Carbenoid alkene insertion reactions of oxiranyllithiums.

The first computational investigations of the carbenoid reactions of α-lithiated dimethyl ether (methoxymethyllithium) and the intramolecular and intermolecular reactions of lithiated epoxides with the alkene double bond to yield cyclopropane rings are presented. These reactions represent the full spectrum of known carbenoid pathways to cyclopropanation. The reaction of Li-CH(2)-O-CH(3) with ethylene proceeds exclusively through a two-step carbolithiation pathway, the intramolecular reaction of 1,2-epoxy-5-hexene follows either the carbometalation or a concerted methylene transfer pathway (the former is energetically more favorable), and the reaction of lithiated ethylene oxide (oxiranyllithium) with ethylene, the main focus of this paper, appears to proceed exclusively by the methylene transfer mechanism.
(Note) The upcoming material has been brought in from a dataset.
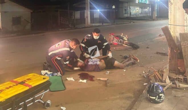 Um grave acidente de moto ocorreu na madrugada desta quinta-feira (20), na Avenida Manoel Marinho Montes, em Brasiléia, quase em frente à agência bancária do Bradesco. O jovem Jeferson Cavalcante Ferreira, de 22 anos, ficou gravemente ferido após bater violentamente contra um poste, ficando desacordado no local. O momento do acidente foi registrado por câmeras de segurança de uma loja comercial.
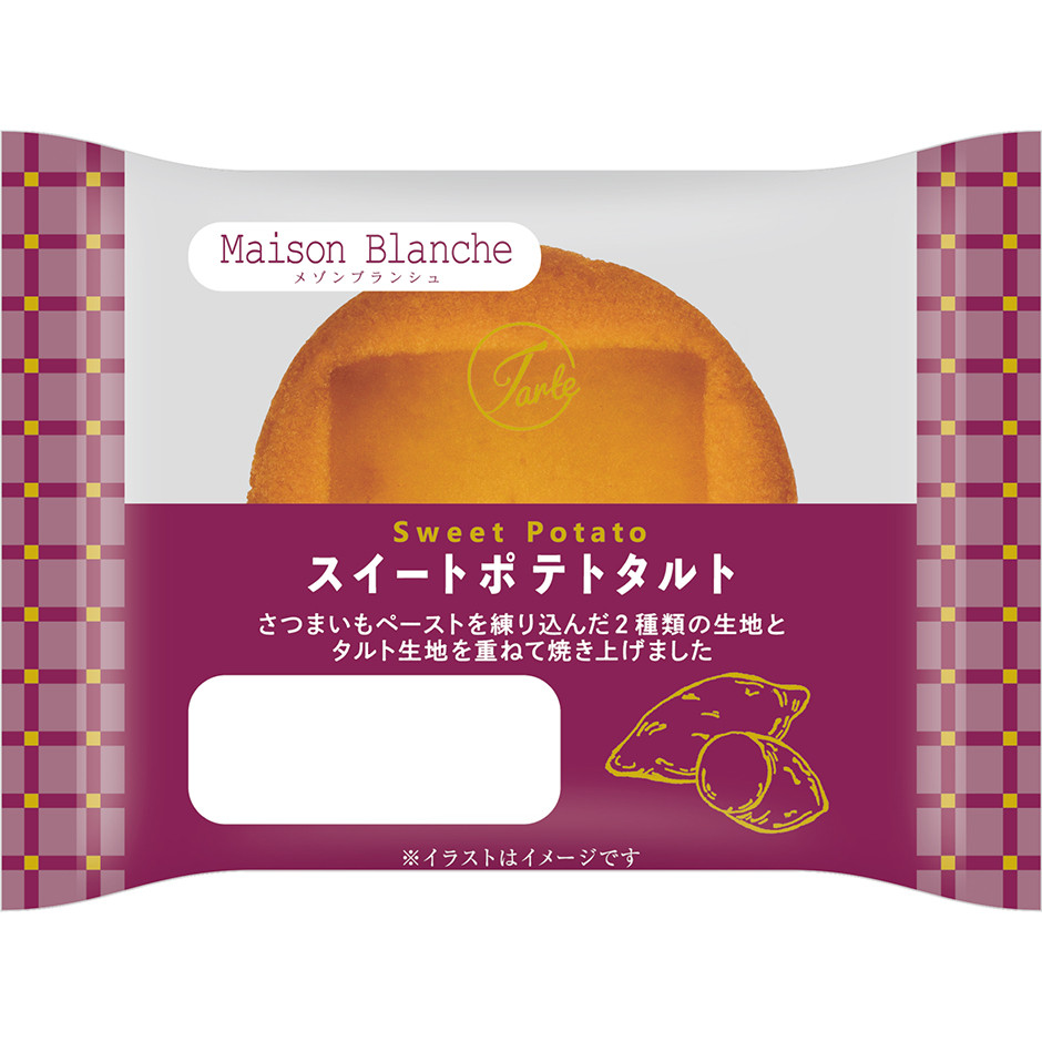 さつまいもペーストを練り込んだ2種類の生地とタルト生地を重ねて焼き上げました。

In the case of these latter reactions, the free energy of activation for cyclopropanation tends to decrease with the higher aggregation states. Formation of tetramers or higher aggregates is favorable in nonpolar solvents, but in strongly coordinating solvents such as tetrahydrofuran (THF), steric factors appear to limit aggregate sizes to the dimer. In the case of 1,2-epoxy-5-hexene, consideration of competing reaction pathways provide an explanation for the observed product distribution.